• _DATASET_
========

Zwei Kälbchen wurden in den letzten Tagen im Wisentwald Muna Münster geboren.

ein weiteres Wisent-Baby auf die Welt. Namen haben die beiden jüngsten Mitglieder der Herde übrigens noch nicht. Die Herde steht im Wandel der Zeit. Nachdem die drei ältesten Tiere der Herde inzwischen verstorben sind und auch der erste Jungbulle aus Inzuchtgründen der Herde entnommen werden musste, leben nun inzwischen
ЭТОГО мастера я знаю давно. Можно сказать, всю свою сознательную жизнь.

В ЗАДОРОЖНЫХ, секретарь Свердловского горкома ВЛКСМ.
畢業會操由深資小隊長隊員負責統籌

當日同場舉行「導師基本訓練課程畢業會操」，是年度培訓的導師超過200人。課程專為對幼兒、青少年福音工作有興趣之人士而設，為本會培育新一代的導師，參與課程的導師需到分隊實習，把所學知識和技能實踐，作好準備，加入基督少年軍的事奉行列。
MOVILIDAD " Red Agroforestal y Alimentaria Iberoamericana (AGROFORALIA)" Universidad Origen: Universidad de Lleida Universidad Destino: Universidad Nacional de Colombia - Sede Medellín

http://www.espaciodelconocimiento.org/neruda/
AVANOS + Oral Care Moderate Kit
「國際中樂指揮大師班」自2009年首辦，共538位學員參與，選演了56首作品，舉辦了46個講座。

========

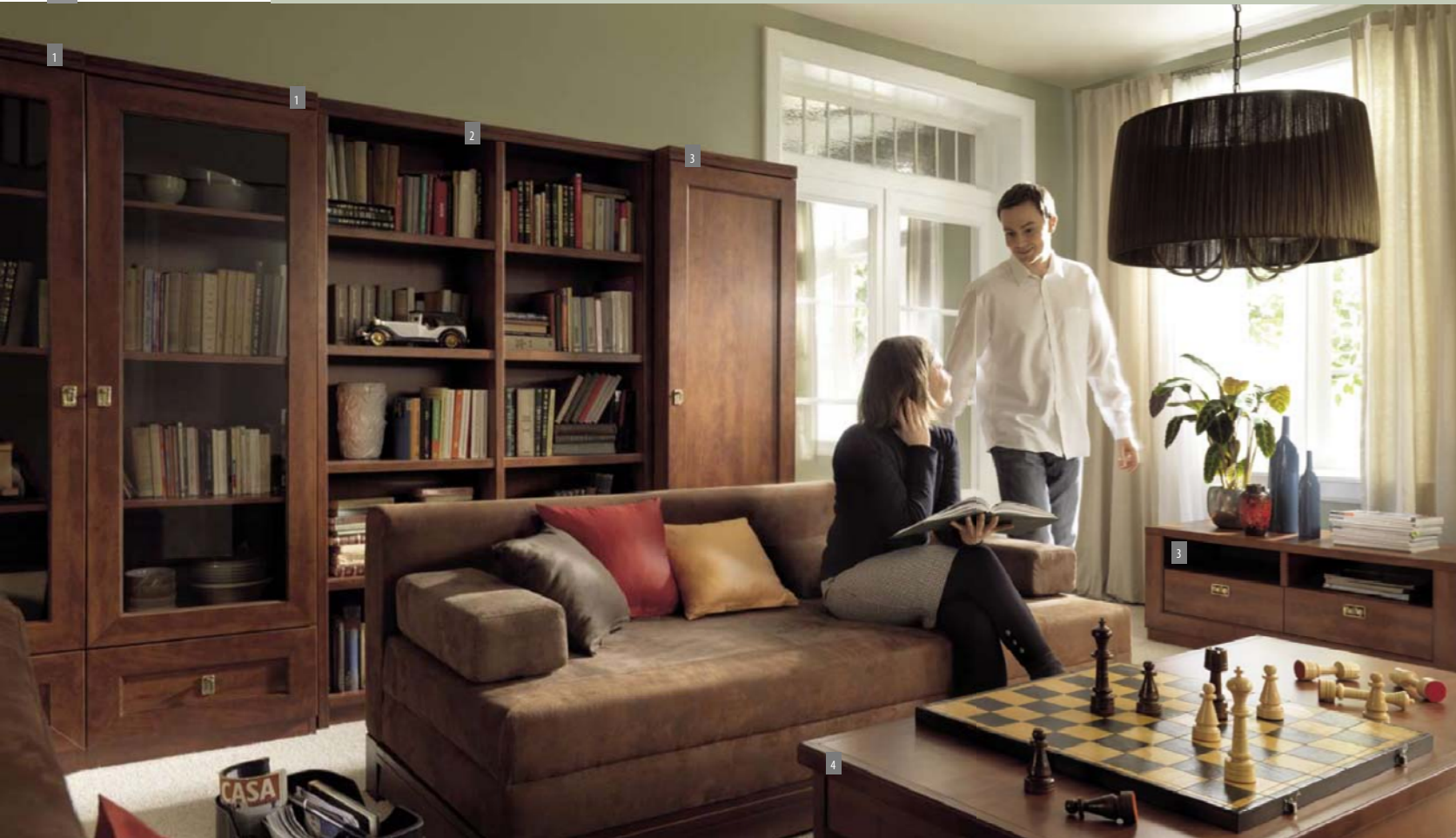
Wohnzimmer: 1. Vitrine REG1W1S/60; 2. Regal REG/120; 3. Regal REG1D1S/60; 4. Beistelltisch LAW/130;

========

• _TRY IT_
The output should be exactly the lines above from the line containing "畢業會操由深資小隊長隊員負責統籌" to the line containing "http://www.espaciodelconocimiento.org/neruda/", inclusive, with no other lines.

• _RESPONSE TO THE TASK_
畢業會操由深資小隊長隊員負責統籌

當日同場舉行「導師基本訓練課程畢業會操」，是年度培訓的導師超過200人。課程專為對幼兒、青少年福音工作有興趣之人士而設，為本會培育新一代的導師，參與課程的導師需到分隊實習，把所學知識和技能實踐，作好準備，加入基督少年軍的事奉行列。
MOVILIDAD " Red Agroforestal y Alimentaria Iberoamericana (AGROFORALIA)" Universidad Origen: Universidad de Lleida Universidad Destino: Universidad Nacional de Colombia - Sede Medellín

http://www.espaciodelconocimiento.org/neruda/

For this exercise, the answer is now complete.